Under Texas's rules, in the absence of a choice-of-law clause in the parties' contract, the principles of the Restatement (referred to by the cumbersome name, "Most Significant Relationship Test") are applied: There are two sets of principles, those applying only to contract disputes, and a set of general, more abstract, principles that apply to all disputes. To contract disputes only, courts should look to:
- the place of negotiation of the contract,
- the place of performance,
- the place of contracting,
- the location and subject matter of the contract,
- and the domicile, residence, nationality, place of incorporation, and place of business of the parties
The general principles include:
- the needs of the interstate and international systems,
- the relative policies of the forum,
- the relative policies of other interested states and the relative interest of those states in the determination of a particular issue,
- the protection of unjustified expectation,
- the basic policies underlying the particular field of law,
- certainty, practicability, and uniformity or result, and
- ease in the determination and application of the law to be applied.
Both Sonat and contractor, and their operations are all over the place. Both are incorporated in Delaware, Sonat's headquarters appear to be in Texas, the contract was signed in Texas, the contract operations were in Texas, New Mexico, Louisiana, and perhaps elswhere. The injuries occurred in Louisiana. Contractor's president submitted an affidavit that its principal location was Louisiana, but Sonat put into evidence an earlier affidavit submitted by the same officer in an unrelated lawsuit swearing that "nearly all high level decisions were made in Georgia, its main office in is Houston, and most department heads are located in Houston or Louisiana." The Court concluded, "Suffice it to say [contractor's] place of business appears to be flexible."
Let's cut to the chase. The Court went round and round with all the various contacts and principles, rejecting each one as dispositive, until it seized on a provision requiring contractor to add Sonat as an additional insured for the Lousiana work under contractor's insurance policies. This must be, reasoned the Court, because the parties expected their cross-indemnities might not be enforceable in Louisiana. "Why insert this special provision applicable only to Louisiana jobs?" The additional-insured requirement would be superfluous if the parties exepcted the indemities to be enforceable. So, held the Court, Louisiana applied to this dispute because the parties had Louisiana in mind when the contract was made.

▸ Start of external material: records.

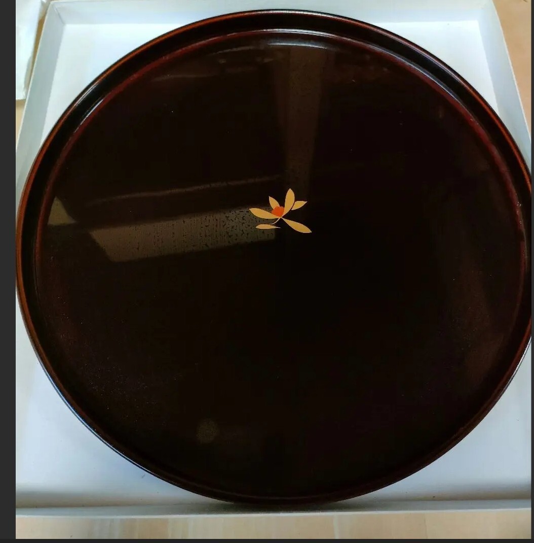 - ●美品 越前漆器 溜丸盆(ためまるぼん) 蘭(らん) 丸盆 漆器 天然木 木製漆器 お盆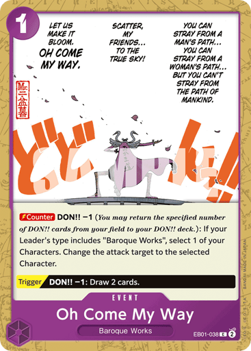 [Counter] DON!! -1 (You may return the specified number of DON!! cards from your field to your DON!! deck.): If your Leader's type includes "Baroque Works", select 1 of your Characters. Change the attack target to the selected Character. [Trigger] DON!! -1: Draw 2 cards.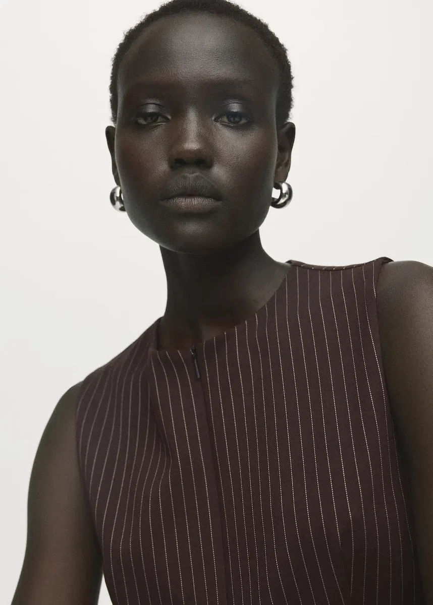 Con un design aderente, questo top presenta una scollatura rotonda e spalline larghe. La chiusura frontale con cerniera completa il look, conferendogli un aspetto contemporaneo. È abbinato a pantaloni coordinati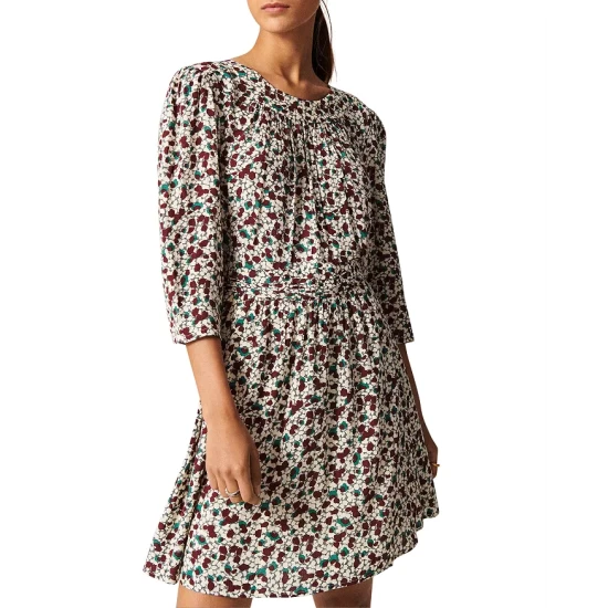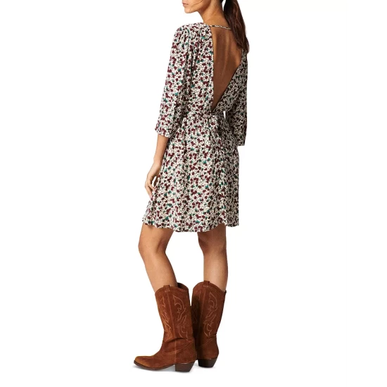 - Gathered front waist, attached back self tie belt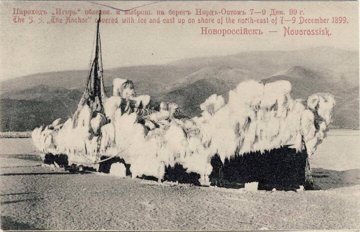 Можете себе представить, что это было: жители запертые в своих квартирах ледяным замком. Без пищи, без дров каково им было?.. Полиция принимала меры развозить провизию, но из этого ничего не вышло. А норд-ост ревел, клокотала бухта, где стояло множество судов. Работали без устали матросы. Но порывы боры усиливались и вот одним из них огромный пароход русского общества пароходства и торговли „Игорь” был выброшен на берег. На фотографическом снимке видно какую ему форму придал норд-ост. Кроме того были сорваны с якорей французские суда, „Cervin” и „Cura”, тоже обледеневшие. Также выброшено несколько паровых катеров на берег.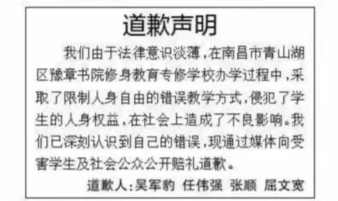 而被告人吴军豹、任伟强、张顺、屈文宽则在《新法治报》4月25日第06版刊登道歉声明,声明中称,他们由于法律意识淡薄,在南昌市青山湖区豫章书院修身教育专修学校办学过程中,采取了限制人身自由的错误教学方式,侵犯了学生的人身权益,在社会上造成不良影响。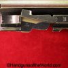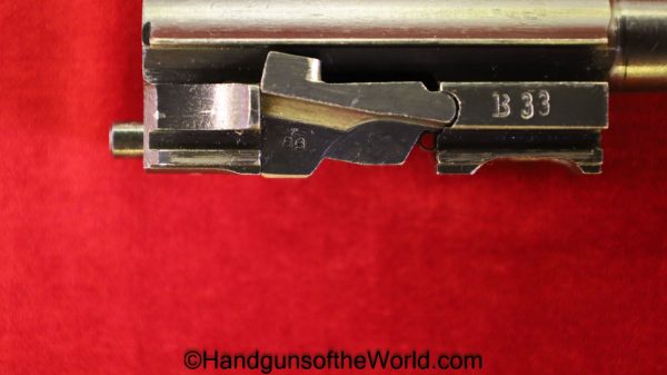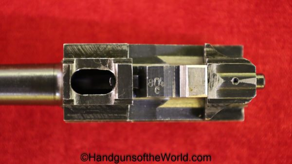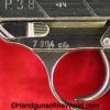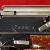 Spreewerk P-38, 9mm. This is WWII German Military Eagle 88 proofed on the major parts, and has the red/brown Bakelite grips. The slide serial number suffix is stamped upside down, along with heavy grinding/milling marks present. This has all matching numbers and no importer markings. The blue rates highly at 98% and the bore is excellent.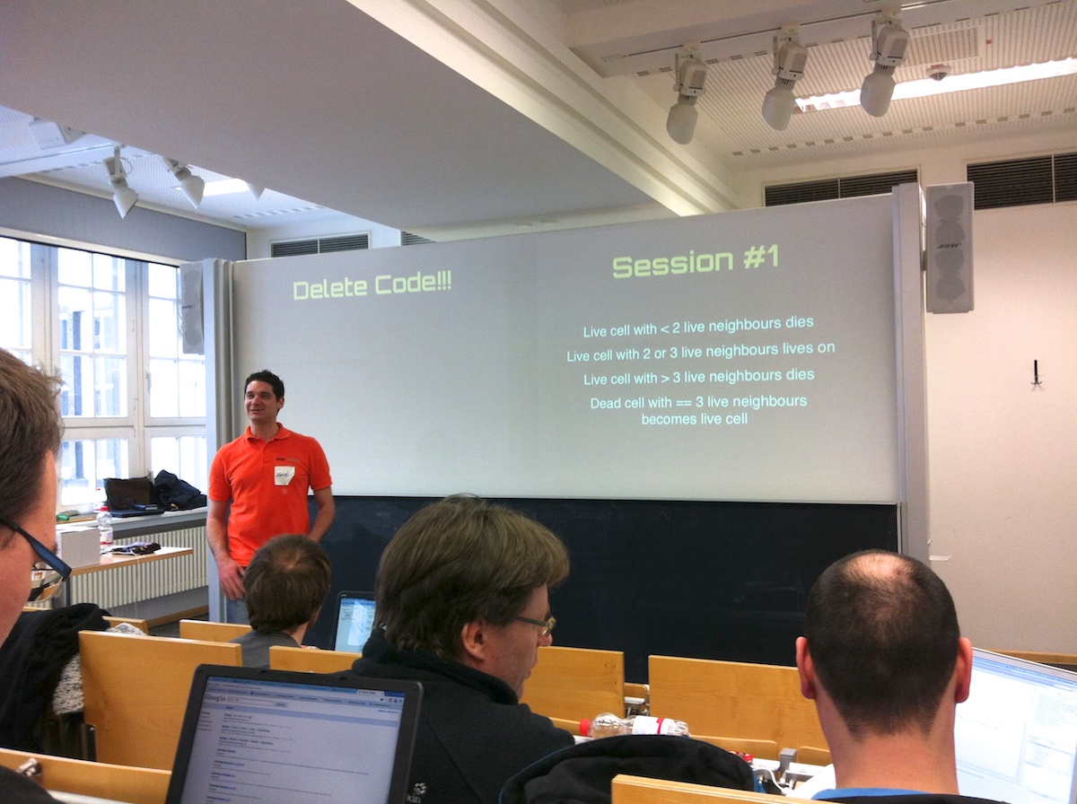 Vielen Dank an die Organisatoren der Veranstaltung! Es hat wirklich viel Spass gemacht, den ganzen Samstag mit gleichgesinnten Software-Entwicklern zu verbringen und Game of Life zu programmieren.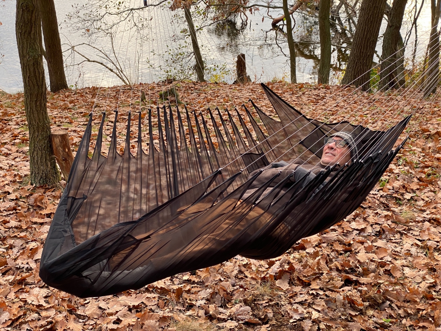 Der ultraleichte Cloud 71 Hängemattenstoff hat im Forum bereits für einige Diskussionen gesorgt. Ich konnte der Versuchung gleichfalls nicht widerstehen und habe mir Anfang des Jahres daraus eine Cross Hammock genäht, die seither auch einige der leichtgewichtigeren Foristen ( hangloose , bieber1) probegelegen haben. Besonders die Transparenz ist einfach phänomenal, während sich die Dehnung bei einer Querhängematte weit weniger negativ auswirkt als bei einer GE-Matte. Diese Matte nutze ich regelmäßig, ohne jedoch soviel Zutrauen gewonnen zu haben, dass daraus auch ein Angebot für den Shop werden könnte.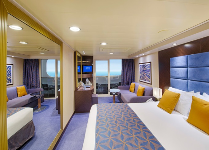 Kajuta s balkónem: 17 - 42 m², kajuta s manželskou postelí (na požádání 2 oddělené postele) a rozkládací pohovka. Klimatizace, koupelna se sprchou nebo vanou a WC, toaletní stolek, prostorná skříň, interaktivní TV, telefon, sejf, vysoušeč vlasů. Balkony se stolkem a židlemi. Některé kajuty mají omezený výhled.
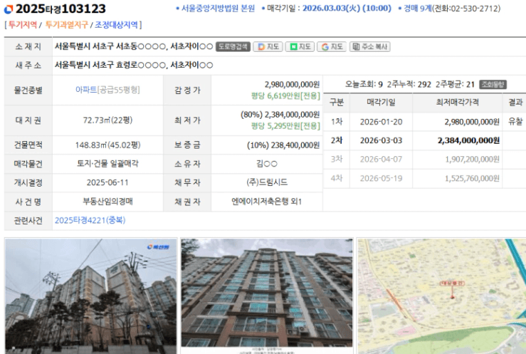 ✔ 감정가 / 최저가 (유찰 여부 포함): 2,980,000,000원 / 2,384,000,000원 (1회 유찰)

Maybe. But the parties also had Texas and New Mexico in mind because the contract expressly applied Texas law to Texas operations and New Mexico law to New Mexico operations. The Court could easily have inferred an intention not to apply Louisiana law because they omitted a specific selection of that law for those operations. Also, even if the additional-insured requirement applied only to Louisiana operations, the indemnity, which is the disputed provision, appears to apply to the multistate operations. The arguments could go either way.
This is the point. Choice-of-law is often a crap shoot. Be on the look out for choice-of-law traps (or opportunities), because I can assure you that the other side is looking. Most of the time, the applicable law is not, and could not be, in dispute. But when it is, the outcome of the case may depend on it.